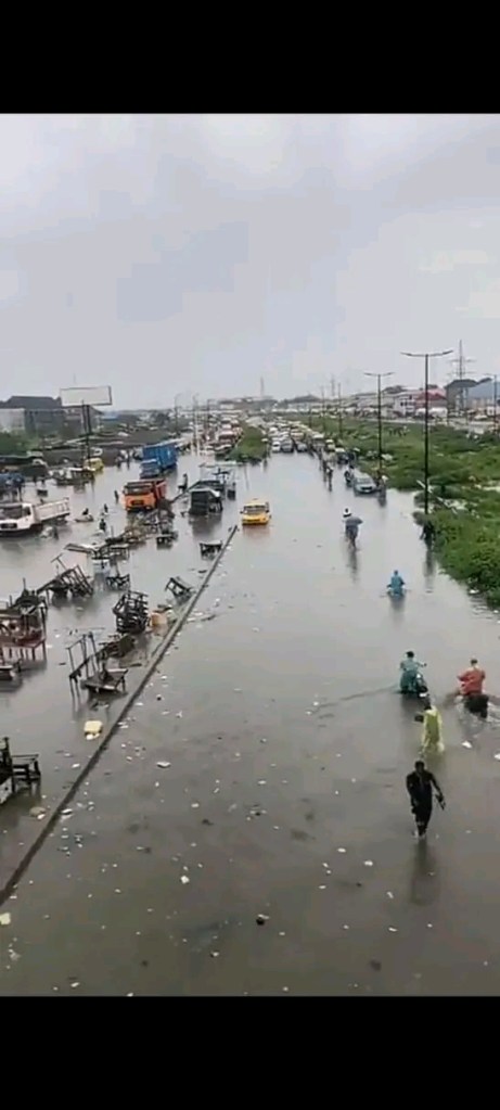 Heavy Rain downpour in Lagos Saturday morning has led to floods in different parts of Lagos State, including expressways, streets, and homes hindering so many from going to church today.
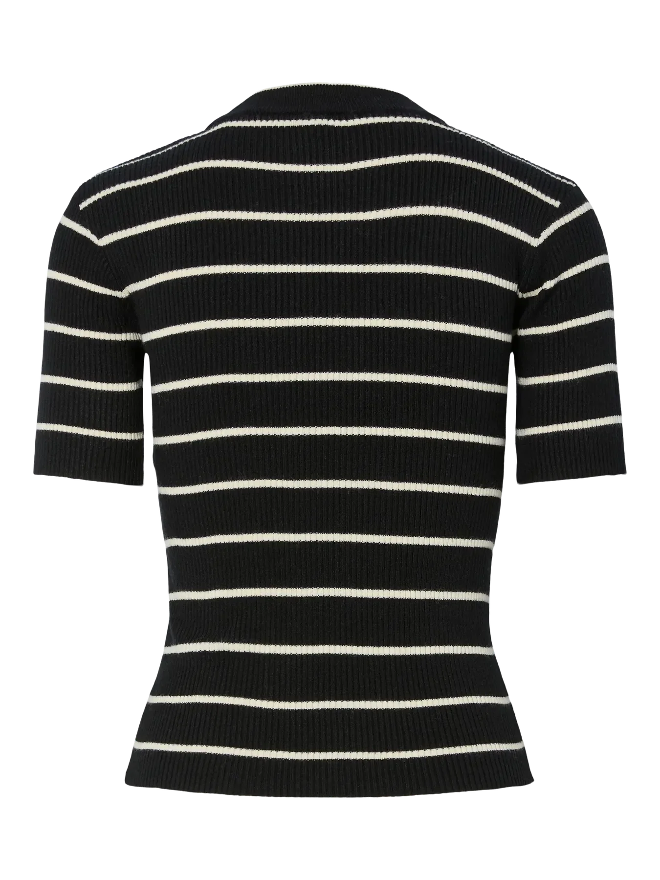 Gestricktes Top von Pieces mit schwarzen und hellen Streifen. Das Top hat kurze Ärmel und einen Rundhalsausschnitt.
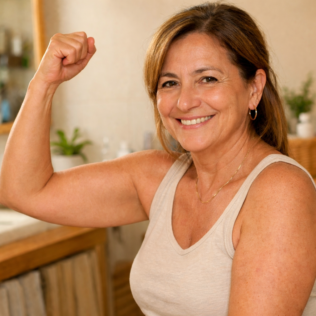 "Tengo 57 años y empecé a usar esta crema sin muchas expectativas, pero la verdad es que me ha sorprendido. Noto la piel de los brazos más firme y mucho más hidratada, sin efecto artificial. Se absorbe rápido y es fácil de usar en el día a día. Un cambio sutil, pero real"
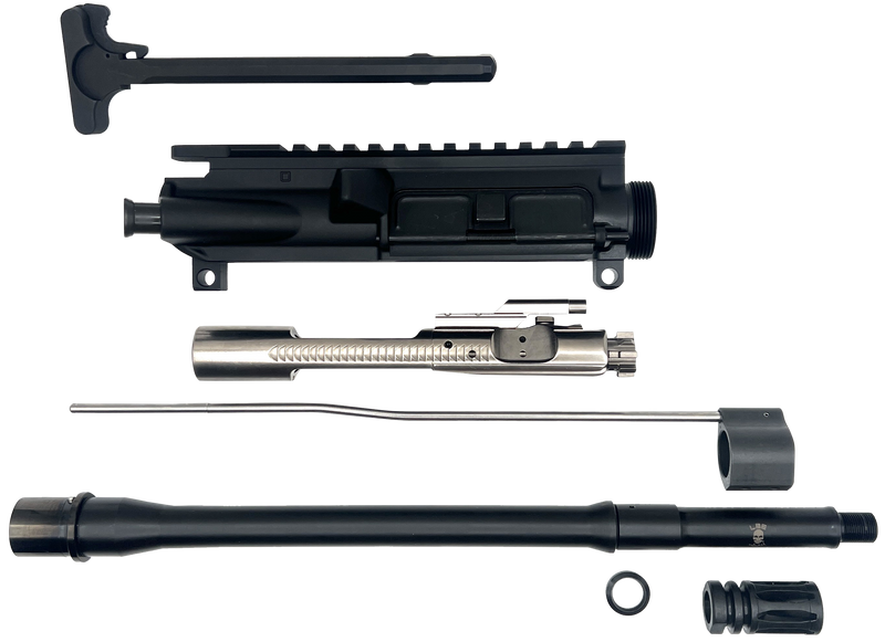 This is a complete upper receiver assembly kit for AR-15 platforms chambered in 223 Remington/5.56 NATO. It features a 13.7" cold hammer forged barrel with mid-length gas system, M16 bolt carrier group, A2 flash hider, and standard charging handle. The kit requires no gunsmith installation and comes ready to assemble to a compatible lower receiver.

- _PROBLEM REQUIREMENTS_
When you repeat the material above, keep every word exact and leave out the pictures.

- _REPLY_
 Heavy Rain downpour in Lagos Saturday morning has led to floods in different parts of Lagos State, including expressways, streets, and homes hindering so many from going to church today.
 Gestricktes Top von Pieces mit schwarzen und hellen Streifen. Das Top hat kurze Ärmel und einen Rundhalsausschnitt.
 "Tengo 57 años y empecé a usar esta crema sin muchas expectativas, pero la verdad es que me ha sorprendido. Noto la piel de los brazos más firme y mucho más hidratada, sin efecto artificial. Se absorbe rápido y es fácil de usar en el día a día. Un cambio sutil, pero real"
 This is a complete upper receiver assembly kit for AR-15 platforms chambered in 223 Remington/5.56 NATO. It features a 13.7" cold hammer forged barrel with mid-length gas system, M16 bolt carrier group, A2 flash hider, and standard charging handle. The kit requires no gunsmith installation and comes ready to assemble to a compatible lower receiver.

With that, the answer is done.